All four flywheels 1 2 3 4 are of heavy solid steel.
Because of the gyroscopic effect, the imaginary rotary axes 55 and 56 have the tendency to maintain the same angle in the space around them, it follows that if the base 11 is rotating, the rotors of the alternators 5 and 6 are forced to turn. producing electricity which is sent to six copper tubes which are 43,44,45,46,47,48.
The three copper tubes 43,44,45 feed the voltage transformer 60, instead the three copper tubes 46,47,48 feed the voltage transformer 61.
The secondary circuit of the elevator transformers is connected to the high voltage cables, this is normal as in all power stations.
It is already known that any electric motor in continuous needs at least 2 wires, in one wire the electric current and the other is considered by convention the return of the current, the copper tube 49 collects the return electric current and then complete the electrical circuit.
Since the mass of the base 11 is noticeable with respect to the rated power of the microscopic motor 9, it is necessary to complicate the electric circuit so as to ensure that the starting electric current is limited; to do this there is the electric resistance limiter 70 and the delayed relay 71 normally open.
By closing the circuit by means of the switch 66, the delayed relay does not close immediately so the electric current is forced to pass through the electric resistance limiter, but after about 5 seconds, the delayed relay 71 short-circuits the electrical resistance 70 and then arrives on the motor 9 full tension.
By mistake there could be an obstacle that blocks the base 11 and therefore the motor 9 so unfortunately the relay gives the consent even when it should not, in this case an automatic thermal protection switch must intervene to avoid burning the motor winding 9.
Instead of the delayed relay, a revolution counter could be placed; the tachometer is safer but it also costs more, or instead of the delayed relay you could put a watt regulator that excludes the resistance only if the number of revolutions exceeds a certain predetermined value.
There are numerous methods to soften the start of an electric motor, but there is no willingness to explain them all.
The imaginary rotational axes 57 and 58 rotate in the opposite direction to the rotation axis 59, it has not importance which direction the motor 9 rotates, but if by looking at the top we decide that the motor 9 must rotate clockwise, the rotors of the two alternators will turn counterclockwise.
As a consequence both the alternator stators will suffer an anti-clockwise mechanical twist which will be released on the base 11.

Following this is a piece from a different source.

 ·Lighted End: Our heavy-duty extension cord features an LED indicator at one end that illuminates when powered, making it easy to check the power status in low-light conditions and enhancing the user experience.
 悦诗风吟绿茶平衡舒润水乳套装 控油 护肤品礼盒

It will be unloaded on the base 11 because the alternator stators are bolted onto the base 11 by means of the bolts 72,73,74,75.
It is very important to take into account the mechanical twists acting on the base 11 and the direction of rotation of those twists.

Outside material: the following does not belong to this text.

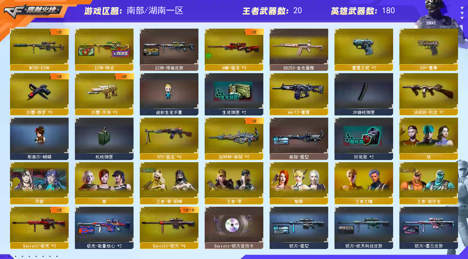 爆破生化全装。王者六盘炼狱。八烈斯太尔蝴蝶。炫金火麒麟。炫金雷神。炫金天龙。炫金千变。王者,势,心,武,魄,怒,翼,幻。角色有魅影,春,炫。王者之瞳,王者救世主。零-水下丽影。兰-海滩派对,灵狐者,黄金海岸。毁灭黑骑士火麒麟有音效卡。其他看截图;USP-雷暴,RPK-盘龙,QBZ03-金色蔷薇,M200-幻神,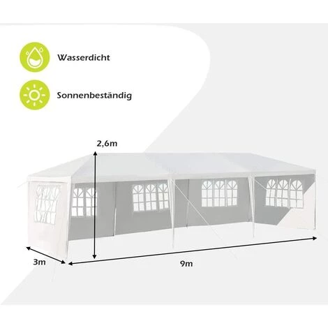 - Ein Zelt mit einer Größe von 3 × 9 × 2,6 m

The resulting vector of both counterclockwise twists will result in a total central mechanical twist whose rotation center is precisely the rotation axis of the motor 9, so the motor 9 is privileged by those twists and there is no contrast as is normal to think .
The motor 9 is pushed by 67 and is also driven by the mechanical twists generated by the stators of the two alternators.
The two mechanical twists are in one sense and by reaction the whole base is accelerated in the opposite direction, this is the basis of the principle of classical physics according to which every action corresponds to an equal and opposite reaction.
The law of action and reaction favors the engine 9.
This means that after the start-up period, the engine 9 could also function as an electric generator.
The flywheels 1,2,3,4 must perform many rpm per minute, minimum 2800 rpm if it is possible to do 28 thousand rpm is better, without exaggerating too much otherwise the steel of the flywheels will deform due to centrifugal force.
instead the engine 9 can turn slowly, 60 rpm per minute are sufficient but even 30 rpm are sufficient
The flywheels 1,2,3,4 are the most important components, all the other components are of secondary importance, if those 4 flywheels are still, even all the other things stop.
The 1,2,7 components represent the first gyroscope, and the 3,4,8 components represent the second gyroscope.